Exploring University Students’Preferences for AI-Assisted Learning Environment
This study employed drawing and co-word analysis techniques to explore students’ preferences for AI-assisted learning environments. A total of 64 teacher education students from a university in Taiwan participated in the study. The participants were asked to describe their perceptions of AI-assisted learning in the form of drawings and text descriptions. In order to analyze the content of the students’drawings, a coding scheme was developed based on the activity theory framework. Based on the results of the analysis, it was found that students placed more importance on personalized guidance and appropriate learning content provision. In addition, students acknowledged that AI technology can be used flexibly in different fields and situations.
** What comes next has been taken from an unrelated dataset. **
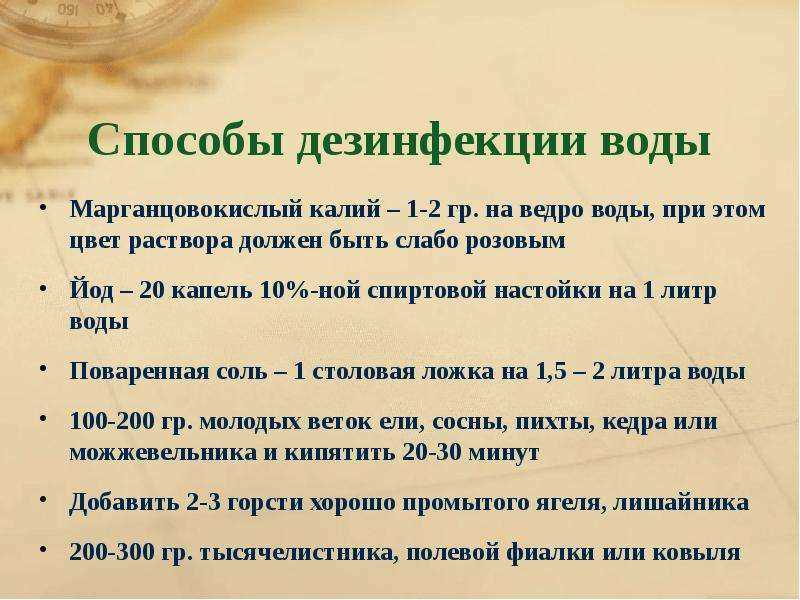 Avant d'utiliser une méthode de désinfection spécifique, la qualité d'origine de l'eau est prise en compte. Les caractéristiques du liquide à obtenir de la purification sont prises en compte. Ces exigences sont précisées dans la documentation réglementaire relative à l'eau potable ou aux besoins ménagers des piscines.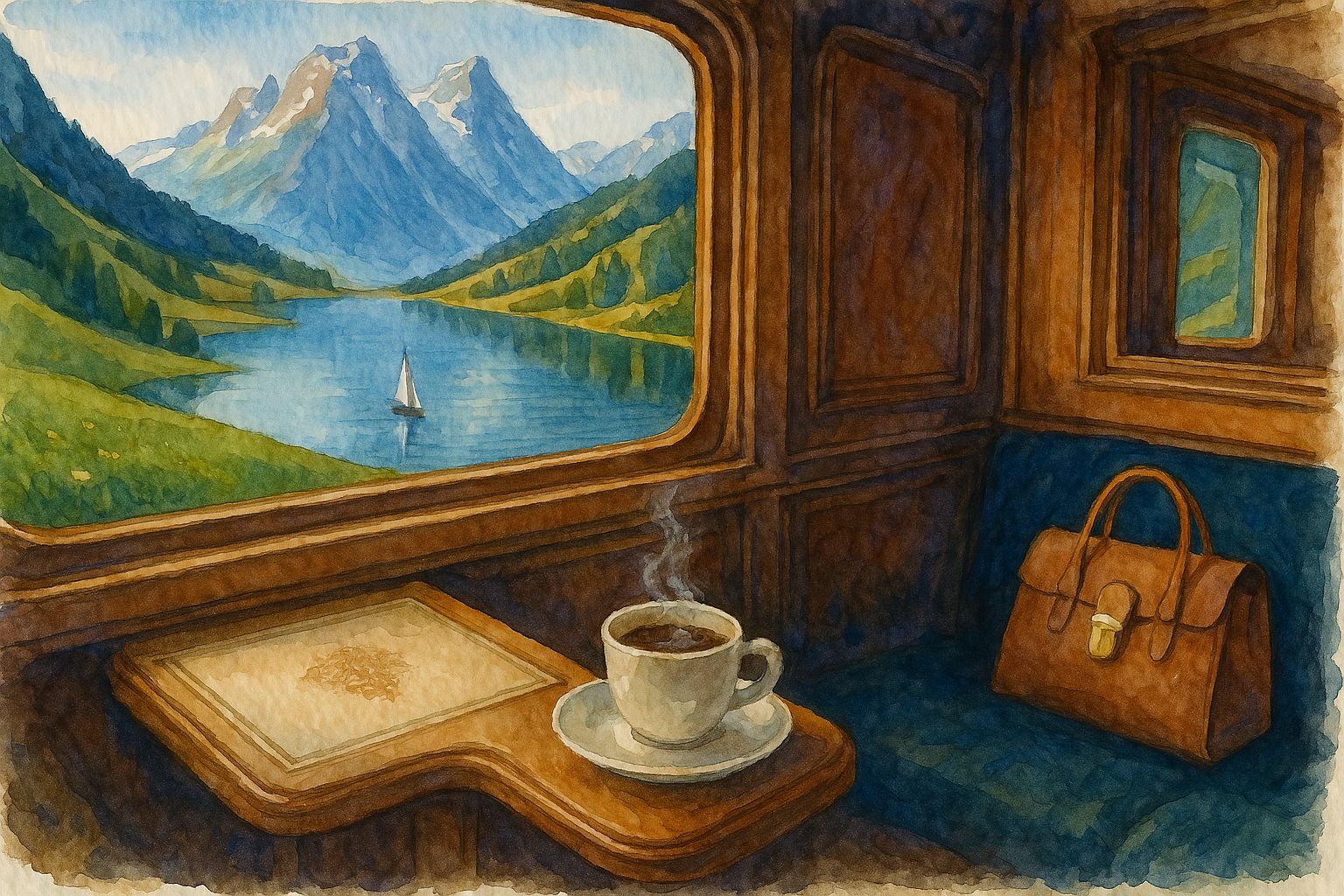 Tàu Golden Pass Belle Époque lướt nhẹ trên những đường ray uốn lượn, như một vũ điệu chậm rãi giữa lòng thiên nhiên Thụy Sĩ tráng lệ. Bên ngoài khung cửa sổ rộng lớn, phong cảnh hiện lên như một cuốn tranh thủy mặc sống động, từng nét vẽ được tô điểm bởi bàn tay tài hoa của tạo hóa. Những thung lũng xanh mượt trải dài bất tận, phủ lên mình tấm áo cỏ non mềm mại, điểm xuyết bởi những khóm hoa dại rực rỡ: vàng tươi của hoa bồ công anh, tím dịu của oải hương, và đỏ thắm của những bông anh túc nhỏ xinh. Gió khẽ lùa qua, khiến cánh hoa đung đưa nhẹ nhàng, như thể chúng đang thì thầm trò chuyện với nhau trong ánh nắng chiều dịu dàng.

Interestingly, more than half of the students agreed that robots play important roles in AI-assisted learning. This indicates that the students expected a social AI learning companion. However, it was found that students’ expectations of an AI learning environment were less connected to the real environment and did not reveal learning activities with higher order thinking. In addition to the need for accurate and fast AI computing, this result indicated that professional instructional guidance is also an expectation that students have of AI education.